--- EXERCISE ---
Transcribe all of the records word for word, please, omitting the pictures.

--- INFORMATION SHOWN ---
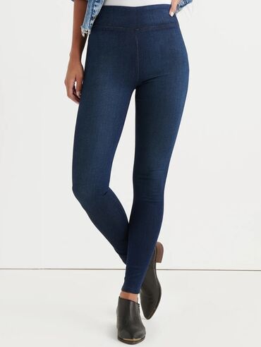 Tünd göy rəngdə, cins materialdan hazırlanmış qadın lasin tipli şalvar. Yüksək bel kəsimi ilə rahatlıq və müasir görünüş təklif edir. Slim fit forması bədənə gözəl oturur. Gündəlik istifadə üçün uyğundur.
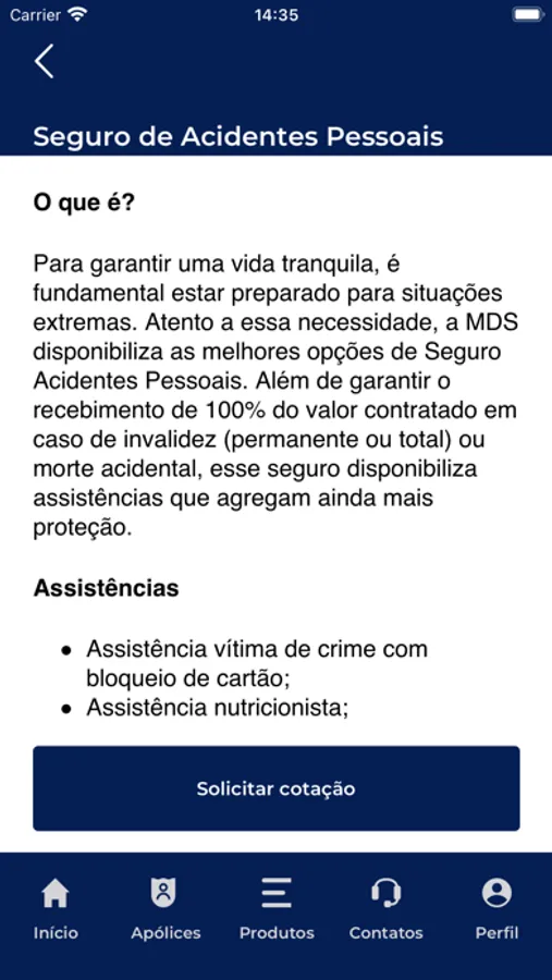Além disso, o App MDS Brasil possibilita ao segurado solicitar cotações diretamente com a Central de Atendimento e a atualização de seus dados pessoais sem que precise ligar para a corretora.
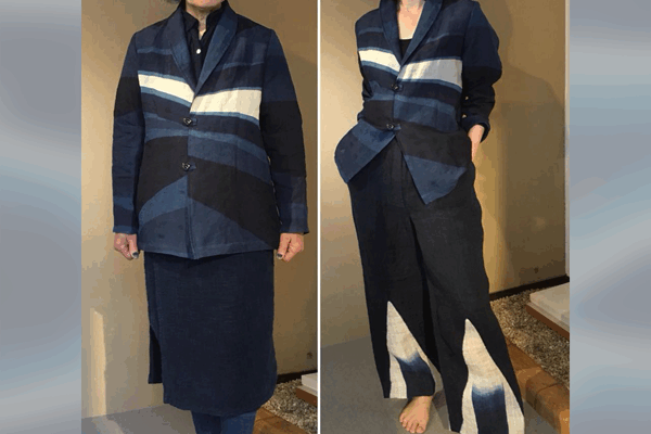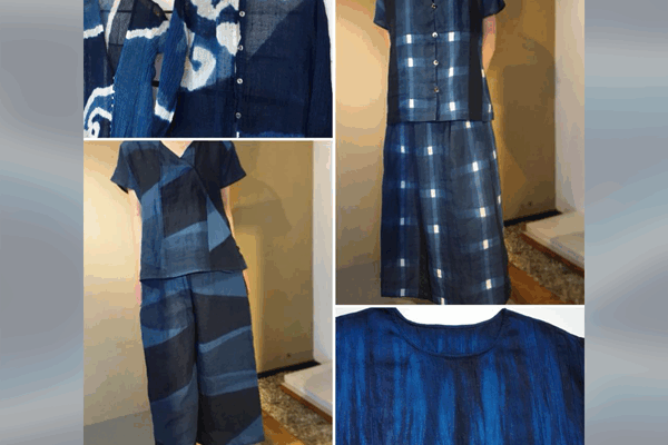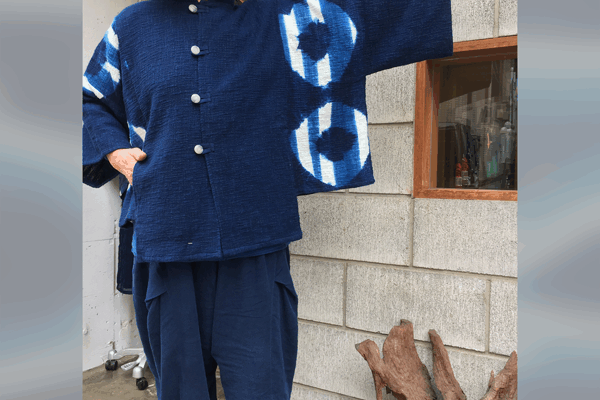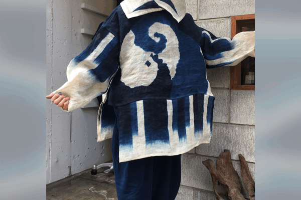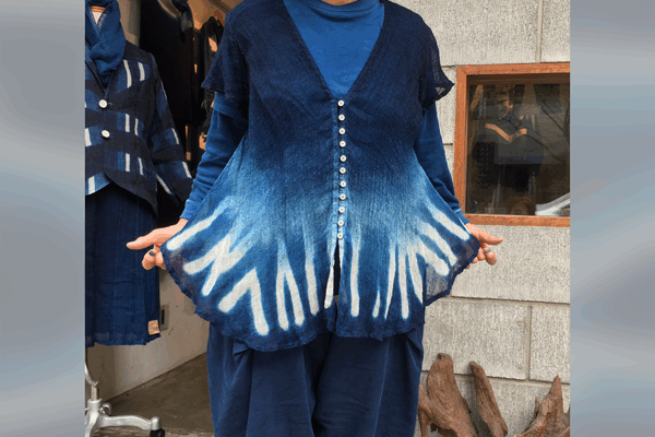 「藍」は親しみやすい素材ですが、私たちが手掛けている個性的で他にない技法が「藍」によりさらに引き立ちます。 既にお持ちの衣装とコーディネートしやすくなります。 カジュアルでもフォーマルな場面でも自然に振舞えます。
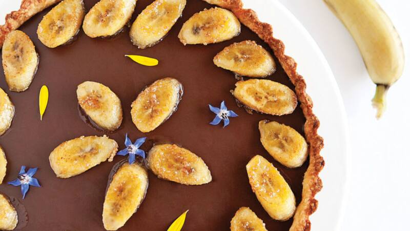 3. Antes de servir, pelar los plátanos y cortar diagonalmente en tajadas. En un sartén grande antiadherente calentar el resto de mantequilla a fuego medio, espolvorear el azúcar y cocinar hasta formar un caramelo. Colocar las tajadas de plátano y cocinar hasta dorar por ambos lados. Dejar enfriar y distribuirlas en forma decorativa sobre el chocolate. Decorar con flores comestibles.
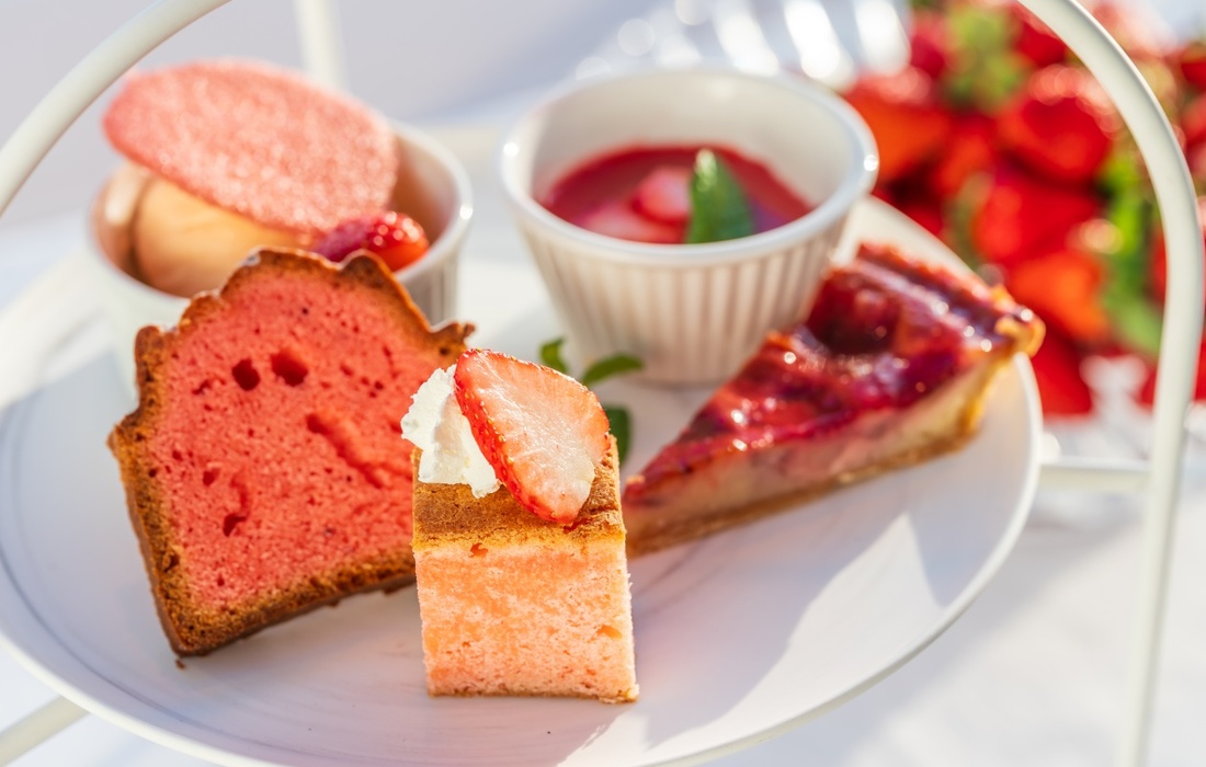 アフタヌーンティーのテーマはいちご。真っ赤ないちごが演出する、甘酸っぱい誘惑を午後のひとときに優雅に味わえます。今年は、多彩なスイーツに加え、名だたる人気店を手がけ、“畑の伝道師”と呼ばれる渡邉明シェフ厳選のフレッシュいちごが船上に初登場します。
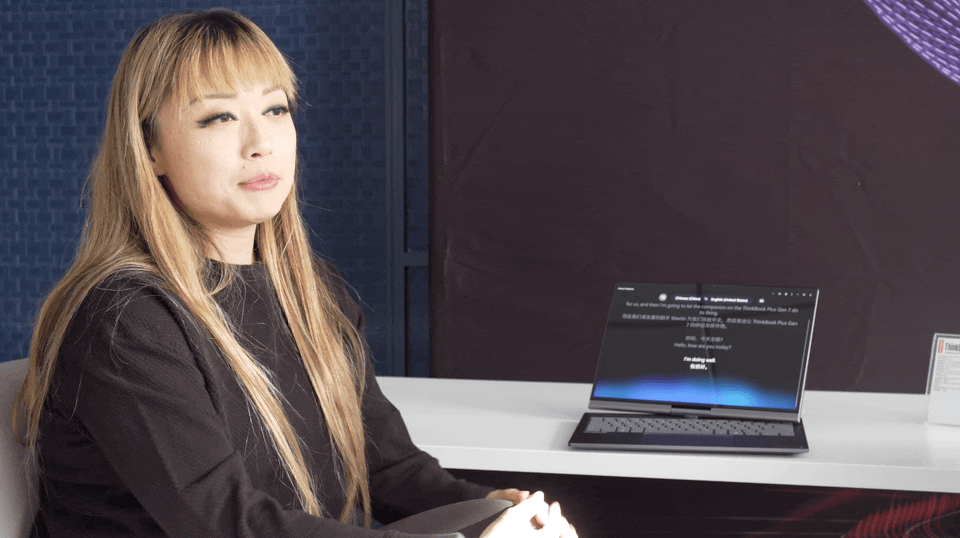 此外,这样「灵动」的缔造天然也缺不了 AI 功能,联念念除了给 ThinkPlus Gen 7 Auto Twist 加入了可视化 AI 助手以外,还提供了一个屏幕随动翻译的用法——
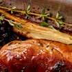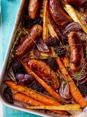 Roast the sausages in a tray for 10 minutes, then add the onions, parsnips, carrots and blackberries. Add a generous amount of olive oil and season with salt, pepper and a few sprigs of thyme.

--- TASK RESPONSE ---
 Tünd göy rəngdə, cins materialdan hazırlanmış qadın lasin tipli şalvar. Yüksək bel kəsimi ilə rahatlıq və müasir görünüş təklif edir. Slim fit forması bədənə gözəl oturur. Gündəlik istifadə üçün uyğundur.
Além disso, o App MDS Brasil possibilita ao segurado solicitar cotações diretamente com a Central de Atendimento e a atualização de seus dados pessoais sem que precise ligar para a corretora.
 「藍」は親しみやすい素材ですが、私たちが手掛けている個性的で他にない技法が「藍」によりさらに引き立ちます。 既にお持ちの衣装とコーディネートしやすくなります。 カジュアルでもフォーマルな場面でも自然に振舞えます。
 3. Antes de servir, pelar los plátanos y cortar diagonalmente en tajadas. En un sartén grande antiadherente calentar el resto de mantequilla a fuego medio, espolvorear el azúcar y cocinar hasta formar un caramelo. Colocar las tajadas de plátano y cocinar hasta dorar por ambos lados. Dejar enfriar y distribuirlas en forma decorativa sobre el chocolate. Decorar con flores comestibles.
 アフタヌーンティーのテーマはいちご。真っ赤ないちごが演出する、甘酸っぱい誘惑を午後のひとときに優雅に味わえます。今年は、多彩なスイーツに加え、名だたる人気店を手がけ、“畑の伝道師”と呼ばれる渡邉明シェフ厳選のフレッシュいちごが船上に初登場します。
 此外,这样「灵动」的缔造天然也缺不了 AI 功能,联念念除了给 ThinkPlus Gen 7 Auto Twist 加入了可视化 AI 助手以外,还提供了一个屏幕随动翻译的用法——
 Roast the sausages in a tray for 10 minutes, then add the onions, parsnips, carrots and blackberries. Add a generous amount of olive oil and season with salt, pepper and a few sprigs of thyme.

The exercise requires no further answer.